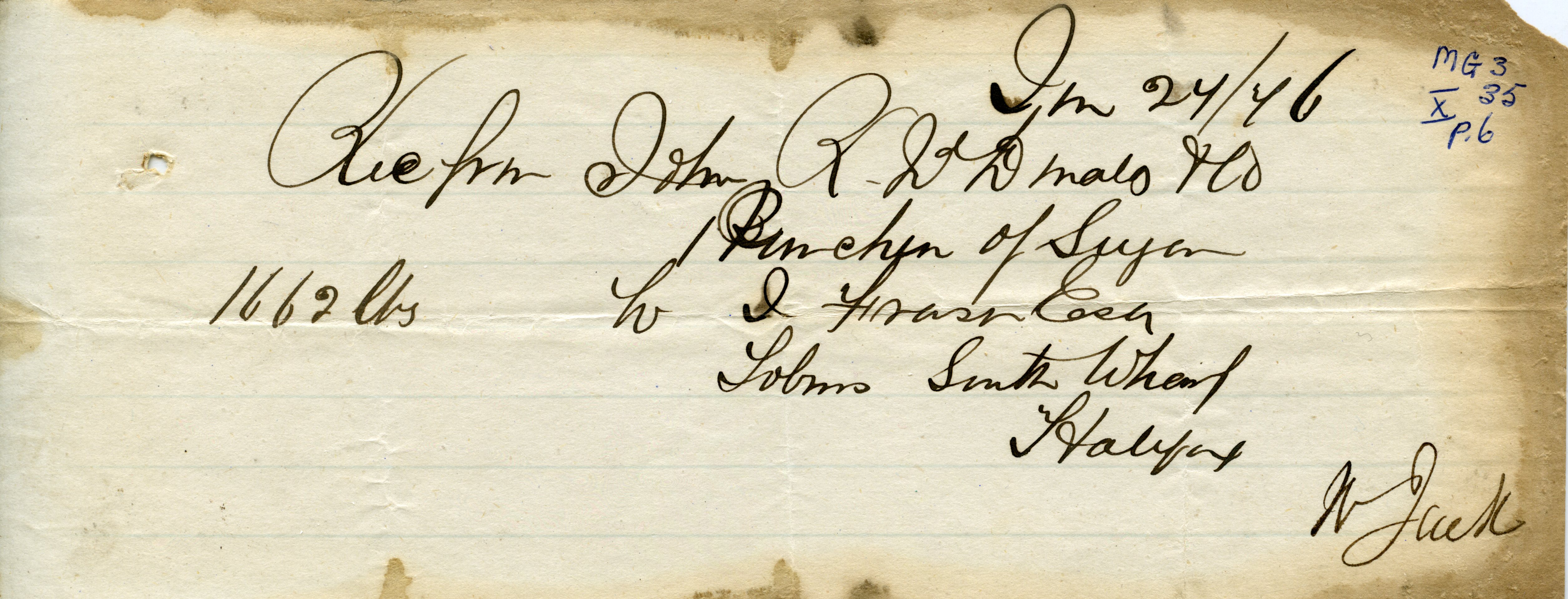 | Tags: | John R. McDonald, Pictou, Halifax, W.I. Fraser, note |
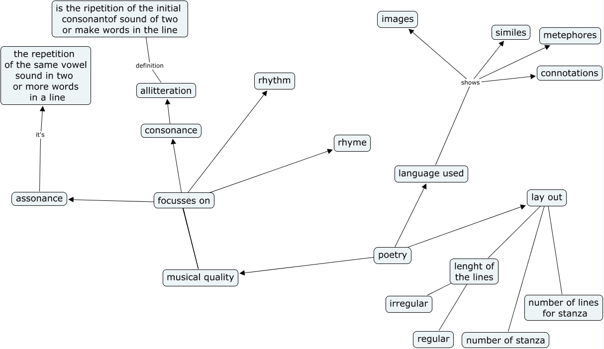 Questa Mappa Concettuale ha informazioni correlate a: Monteleone provvisorio poetry, lenght of the lines ???? regular, musical quality ???? rhyme, focusses on ???? consonance, language used shows connotations, lay out ???? number of stanza, musical quality focussed on assonance, language used shows similes, lay out ???? lenght of the lines, lay out ???? number of lines for stanza, poetry ???? language used, lenght of the lines ???? irregular, musical quality ???? rhythm, language used shows metephores, consonance ???? allitteration, allitteration definition ????, musical quality focussed on focusses on, poetry ???? musical quality, assonance it's the repetition of the same vowel sound in two or more words in a line, poetry ???? lay out, language used shows images
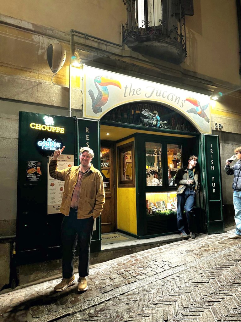 Up here among the alcoves is The Tucans, a proud proponent of the Irish-Inspired -but -not -owned Pub , one that can be viewed with skepticism by both fools and bigots. It does vex me so when people proclaim with glee they’d never visit an Irish Pub abroad, such is their willingness to ingratiate themselves into the fabric of the community over the course of their long weekend . The Tucan’s , in reality is a place that is frequented entirely by locals, whereas that spot in the main square where you order your spritz for £12 is actually the rampant tourist spot. In the Tucan’s, we meet Massimo, – a truck driver/ artist (or Camionista/Artista as he says) , not a combo you usually find. “ This place” he says in his hesitant English, after seemingly plucking the words out of the sky , (and attempting to say it initially in French to little success), ” is my home. These people” -he gestures at the barstaff -“my family” . Massimo doesn’t really drink Guinness though, he’s a fan of the Belgian Beers , exclaiming:
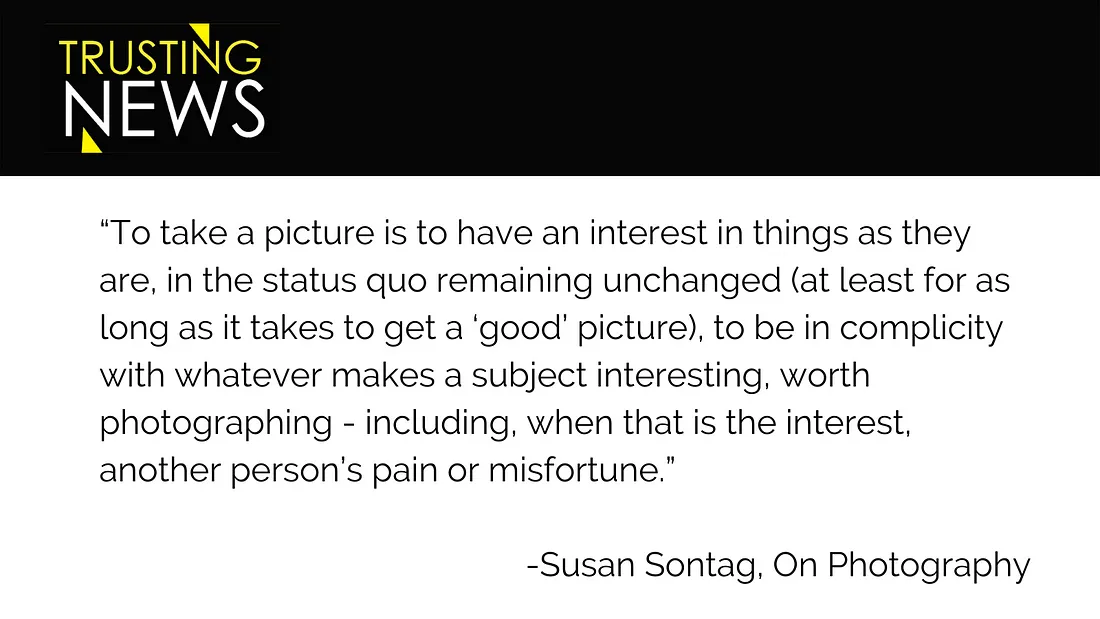 Trusting News would like to thank the following journalists for offering insights for this series: Nicole Frugé, Director of Visuals for the San Francisco Chronicle, Peter Huoppi, Director of Multimedia for The Day, Emilie Stigliani, Executive Editor for the Burlington Free Press, Mike Canan, Director of Journalism Strategies for the Scripps Howard Foundation, Patrick Boehler, Digital Strategy for Radio Free Europe, Ruth Serven, Editor for the education desk for Al.com and Susan Potter, Political Editor for the Atlanta Journal-Constitution.
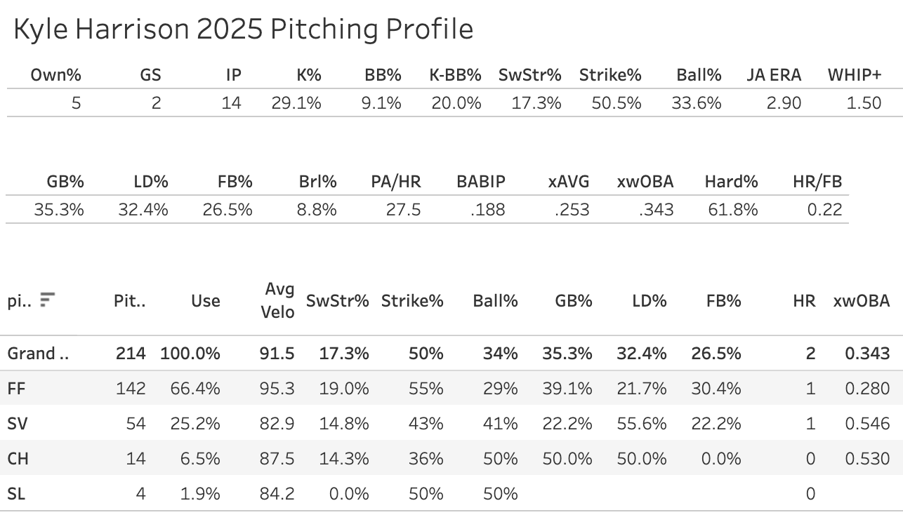 Harrison: 4.47 ERA, 1.30 WHIP, 22.5% K%, 7.8% BB%, 1.5 HR/9
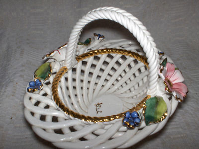 Title (ebay affiliate link): Open weave signed ceramic dish capodimonte type flowers
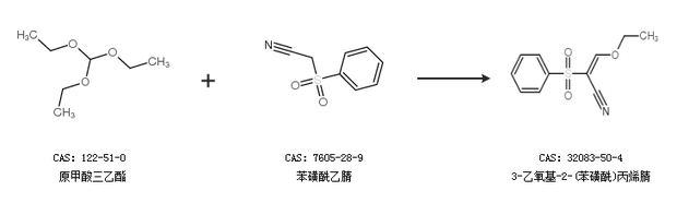 1.通過(guò)原甲酸三乙酯和苯磺酰乙腈合成3-乙氧基-2-(苯磺酰)丙烯腈
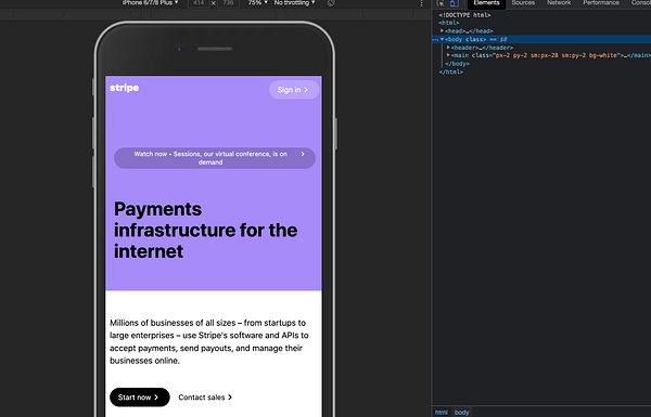 make a stripe home page with tailwind css:
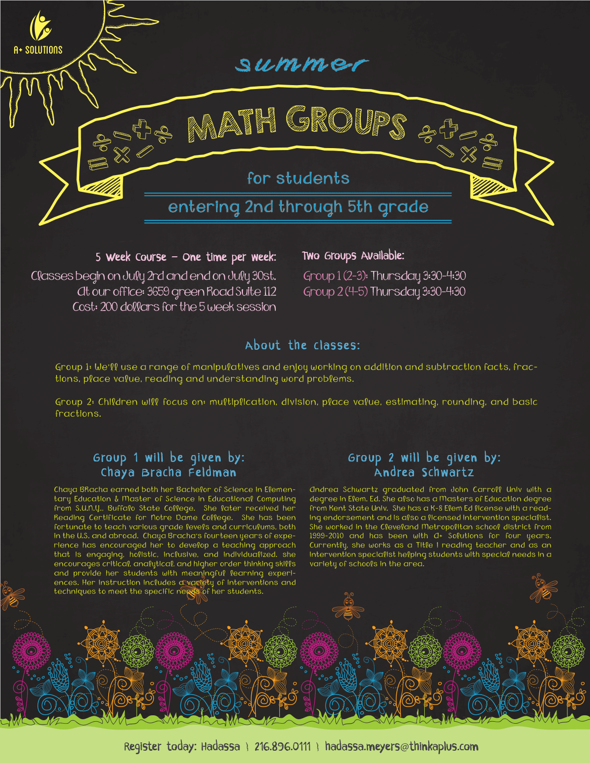 Bikur Cholim is selling bike helmets for $8 a piece. Available in Green, Red & Blue. Please call during office hours 9-1pm. You can also purchase helmets at our upcoming Children’s Health & Safety Fair on Sunday, June 28, 2015. To purchase call the office at 216-320-1771– from 9-1pm. Otherwise you can leave a message.A+ Solutions Summer Math Groups
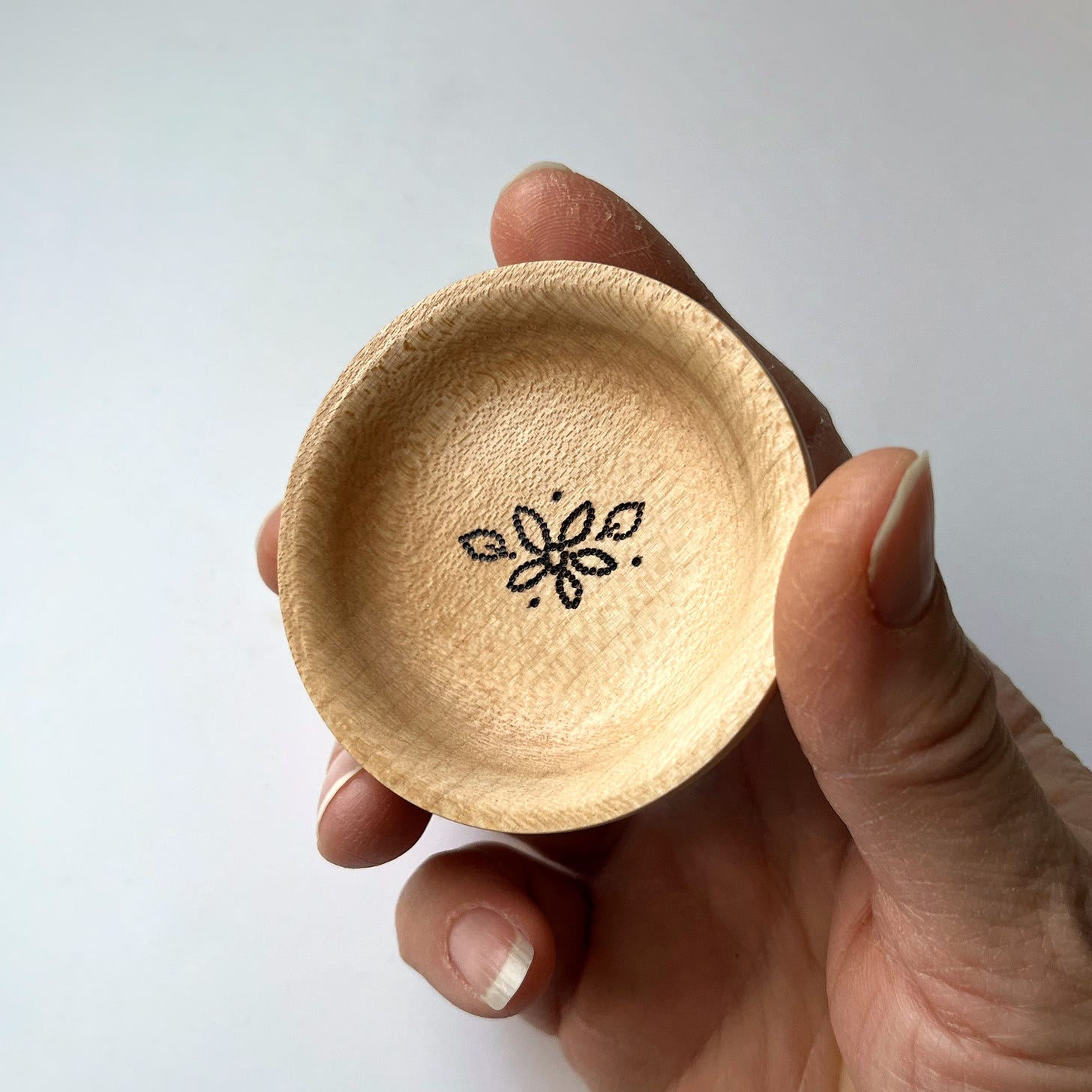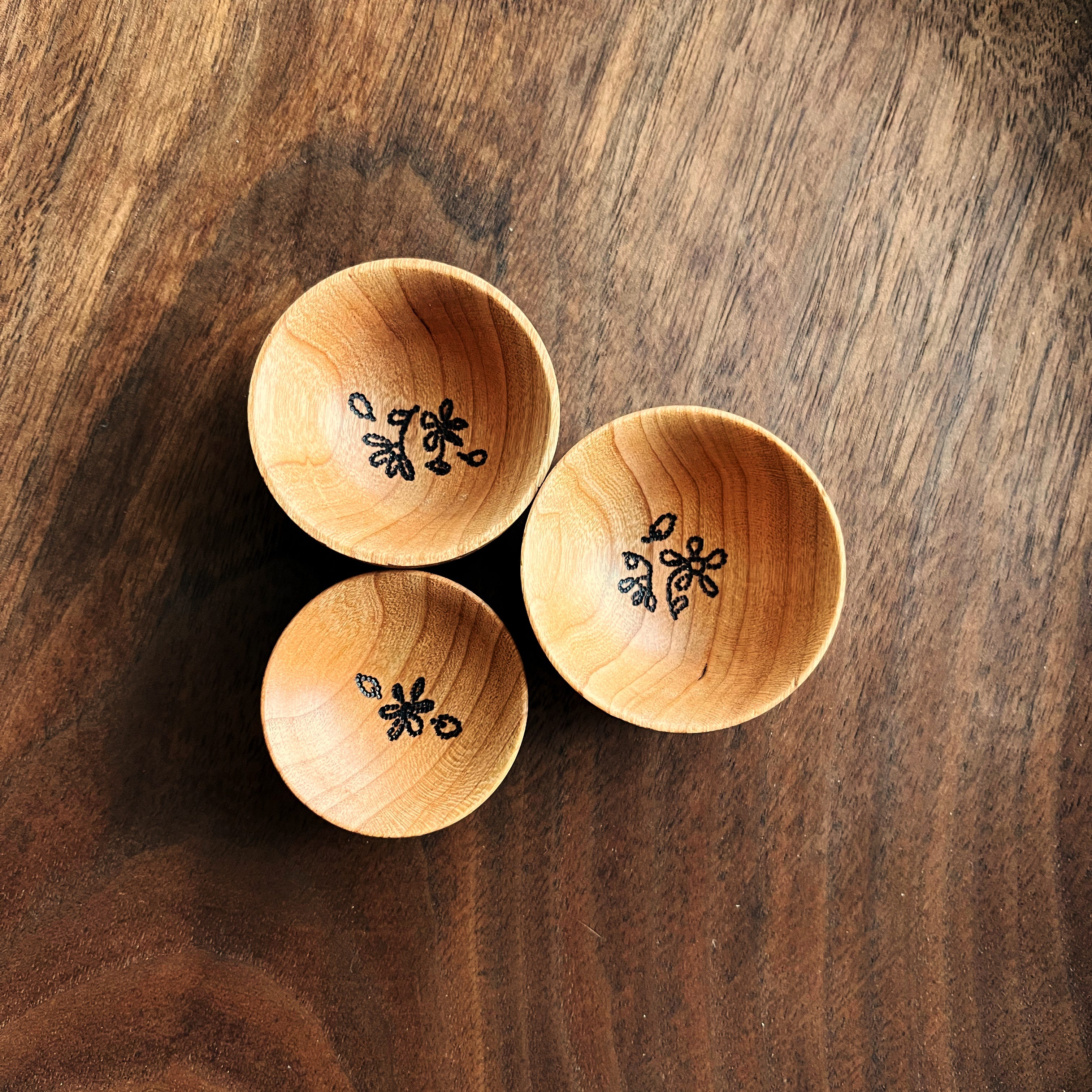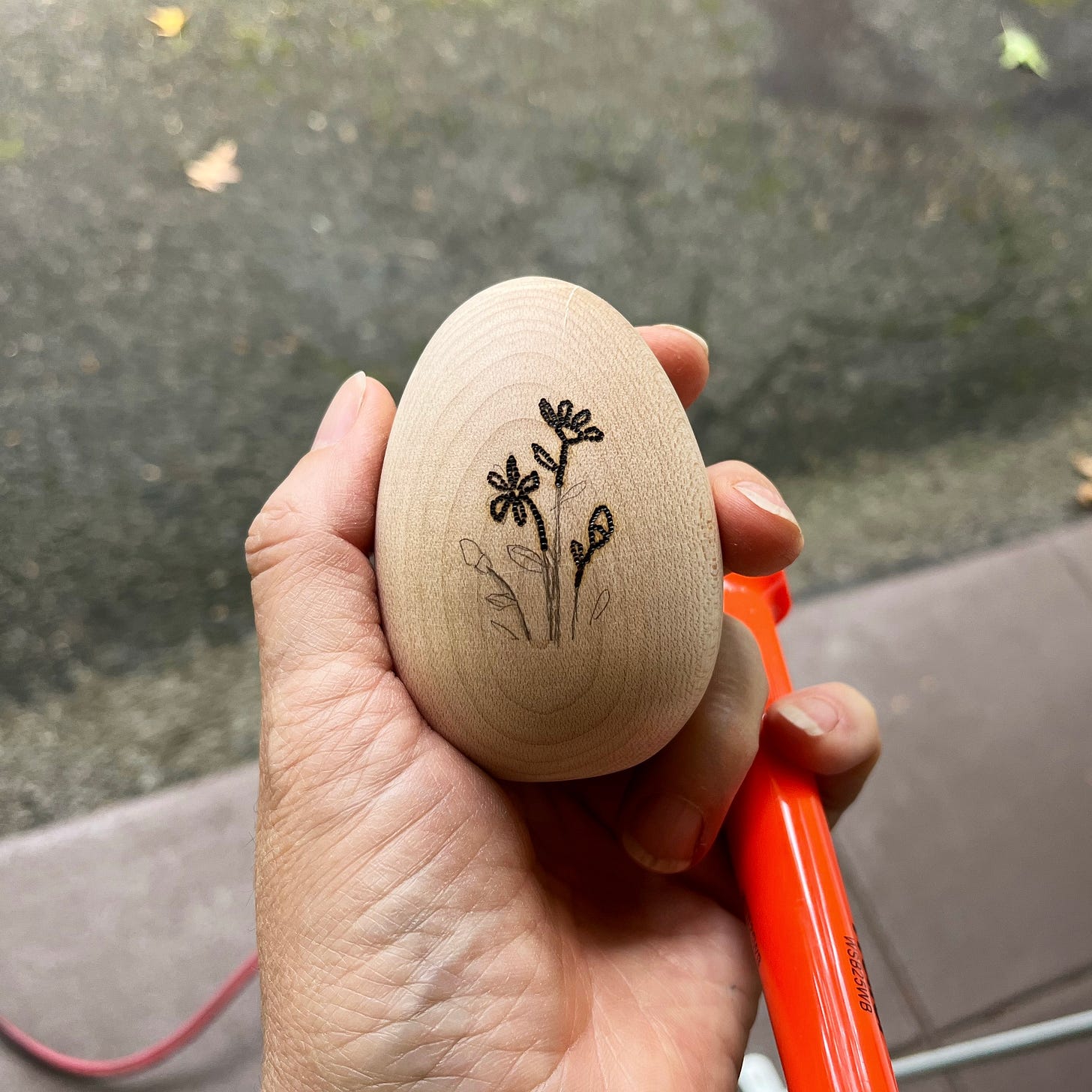 For the past couple years, I have been embellishing my work with a very basic wood-burning pen. It’s a very analog tool where I press each dot to form a line. The variability of the line quality that I get with this tool works for my aesthetic, whereas with the laser burner, it would look machine-made.
══════════════════════════════
Print the material word for word; images are to be left out.

 | Tags: | John R. McDonald, Pictou, Halifax, W.I. Fraser, note |
 Questa Mappa Concettuale ha informazioni correlate a: Monteleone provvisorio poetry, lenght of the lines ???? regular, musical quality ???? rhyme, focusses on ???? consonance, language used shows connotations, lay out ???? number of stanza, musical quality focussed on assonance, language used shows similes, lay out ???? lenght of the lines, lay out ???? number of lines for stanza, poetry ???? language used, lenght of the lines ???? irregular, musical quality ???? rhythm, language used shows metephores, consonance ???? allitteration, allitteration definition ????, musical quality focussed on focusses on, poetry ???? musical quality, assonance it's the repetition of the same vowel sound in two or more words in a line, poetry ???? lay out, language used shows images
 Up here among the alcoves is The Tucans, a proud proponent of the Irish-Inspired -but -not -owned Pub , one that can be viewed with skepticism by both fools and bigots. It does vex me so when people proclaim with glee they’d never visit an Irish Pub abroad, such is their willingness to ingratiate themselves into the fabric of the community over the course of their long weekend . The Tucan’s , in reality is a place that is frequented entirely by locals, whereas that spot in the main square where you order your spritz for £12 is actually the rampant tourist spot. In the Tucan’s, we meet Massimo, – a truck driver/ artist (or Camionista/Artista as he says) , not a combo you usually find. “ This place” he says in his hesitant English, after seemingly plucking the words out of the sky , (and attempting to say it initially in French to little success), ” is my home. These people” -he gestures at the barstaff -“my family” . Massimo doesn’t really drink Guinness though, he’s a fan of the Belgian Beers , exclaiming:
 Trusting News would like to thank the following journalists for offering insights for this series: Nicole Frugé, Director of Visuals for the San Francisco Chronicle, Peter Huoppi, Director of Multimedia for The Day, Emilie Stigliani, Executive Editor for the Burlington Free Press, Mike Canan, Director of Journalism Strategies for the Scripps Howard Foundation, Patrick Boehler, Digital Strategy for Radio Free Europe, Ruth Serven, Editor for the education desk for Al.com and Susan Potter, Political Editor for the Atlanta Journal-Constitution.
 Harrison: 4.47 ERA, 1.30 WHIP, 22.5% K%, 7.8% BB%, 1.5 HR/9
 Title (ebay affiliate link): Open weave signed ceramic dish capodimonte type flowers
 1.通過(guò)原甲酸三乙酯和苯磺酰乙腈合成3-乙氧基-2-(苯磺酰)丙烯腈
 make a stripe home page with tailwind css:
 Bikur Cholim is selling bike helmets for $8 a piece. Available in Green, Red & Blue. Please call during office hours 9-1pm. You can also purchase helmets at our upcoming Children’s Health & Safety Fair on Sunday, June 28, 2015. To purchase call the office at 216-320-1771– from 9-1pm. Otherwise you can leave a message.A+ Solutions Summer Math Groups
 For the past couple years, I have been embellishing my work with a very basic wood-burning pen. It’s a very analog tool where I press each dot to form a line. The variability of the line quality that I get with this tool works for my aesthetic, whereas with the laser burner, it would look machine-made.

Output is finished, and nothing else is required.